The Institute observed the following:
There is nothing to suggest that China’s TFR was. [Total Fertility Rate] In the long run, it will reverse and rise again. South Korea leads the way with a low TFR of 0.72, but Hong Kong, Taiwan, Singapore, Beijing, Shanghai, and other major Chinese cities currently all have a TFR of 1 or well below. Even from these regions, Japan has one of the highest birth rates among the developed countries in Asia.
PIIE believes that the prospects for China’s population recovery are so bleak that the Chinese government will soon abandon its dream of surpassing the United States and becoming the world’s largest economic power, and the leaders of the Chinese Communist Party probably announced this long ago. would have known this from, but suggested they would have known. They are falsifying the books to hide the true extent of the decline.

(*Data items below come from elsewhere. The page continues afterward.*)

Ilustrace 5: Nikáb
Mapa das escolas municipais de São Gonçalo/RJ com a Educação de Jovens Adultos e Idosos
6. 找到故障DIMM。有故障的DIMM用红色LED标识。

The Council on Foreign Relations (CFR) also was suggested In January, China manipulated its demographic statistics to maintain its vision of unstoppable economic growth, relying on “the shaky statistical assumption that birthrates will ‘recover’ in coming decades.” announced.
“Such trends have not been observed anywhere in East Asia at all in the past few decades. In fact, fertility rates are moving in quite the opposite direction,” CFR said of China’s optimistic projections for 2025 and beyond. Ta.

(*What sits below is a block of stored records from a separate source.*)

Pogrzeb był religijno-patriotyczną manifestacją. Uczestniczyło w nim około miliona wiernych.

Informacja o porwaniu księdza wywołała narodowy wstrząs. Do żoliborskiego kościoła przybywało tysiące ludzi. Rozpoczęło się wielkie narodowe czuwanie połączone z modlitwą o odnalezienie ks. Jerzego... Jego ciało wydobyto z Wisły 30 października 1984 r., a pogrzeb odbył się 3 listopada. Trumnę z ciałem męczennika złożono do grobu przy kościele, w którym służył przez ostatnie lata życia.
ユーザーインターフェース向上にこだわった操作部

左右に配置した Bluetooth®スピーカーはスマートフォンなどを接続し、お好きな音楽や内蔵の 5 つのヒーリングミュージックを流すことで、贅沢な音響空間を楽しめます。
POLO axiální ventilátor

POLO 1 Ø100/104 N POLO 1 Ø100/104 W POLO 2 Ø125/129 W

A frequently cited factor in Asia’s population decline is a shared strong cultural prejudice against single parenthood, which is often reflected in childcare policies that are more permissive for married couples. Because of this, young, career-oriented Asian women tend to be even more nervous about raising children alone than their Western counterparts, and so, consistent with the decline in marriage numbers, they are falling even more rapidly than in the United States and Europe. There is a sharp decline in the birth rate.
Mr Xiong referred to this element of population decline when he proposed providing adequate awareness and policy support for single-parent families. His other proposals are primarily aimed at allaying the fears of mothers of young women who fear that marriage and family will make them much more expensive to hire than men and undermine their career prospects. It was something I did.

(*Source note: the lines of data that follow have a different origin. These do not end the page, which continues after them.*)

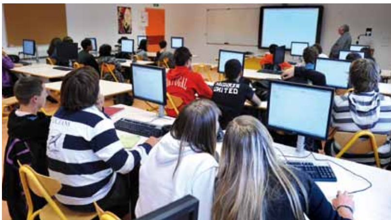
Démonstration en cours de géométrie avec des élèves de 6 e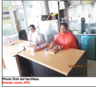
Photo first aid facilities Doctor room.JPG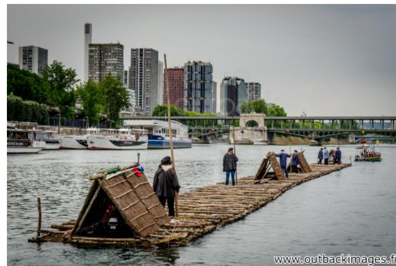
Les flotteurs de bois morvandiaux. Reconstitution Juin-Juillet 2015. Traversée de Paris le 5 juillet; le train de bois sur la Seine vers le pont de Bir Hakeim

of wall street journal (WSJ) report Announced that China’s population will decline in January accelerated In 2023, despite large-scale national and local policy developments aimed at increasing birth rates. The net loss of 2.08 million people in 2024 was more than double the loss in 2022, and fewer babies were born in 2023 than in 2023. half The number of births in 2016, the first year after China’s horrific “one child” population control policy was lifted.
of WSJ He cited economic uncertainty as one of the reasons why young people in China are reluctant to get married and have children. Net population declines may also be affected by the mortality rate from the Wuhan coronavirus pandemic, which is much higher than the Chinese government admits.
Citing data from the Development Research Center of the State Council of China, WSJ I got it:
China’s population is aging much earlier in its economic development than other major economies. China’s gross domestic product per capita in 2022, when the population first began to decline, was about $12,000, just over a third of Japan’s level when the population first started declining.
One policy measure that Chinese authorities have struggled to muster up the courage to implement is raising the retirement age in order to bring more older and experienced workers back into the dwindling workforce. is.
Japan used this technique to avoid the economic impact of population decline, but China has been reluctant to follow suit, even though the regime’s top advisers have publicly stated: Admitted Postponing retirement is a growing trend worldwide. China currently has one of the lowest retirement ages in the world: 60 for men, 55 for female office workers, and 50 for female blue-collar workers.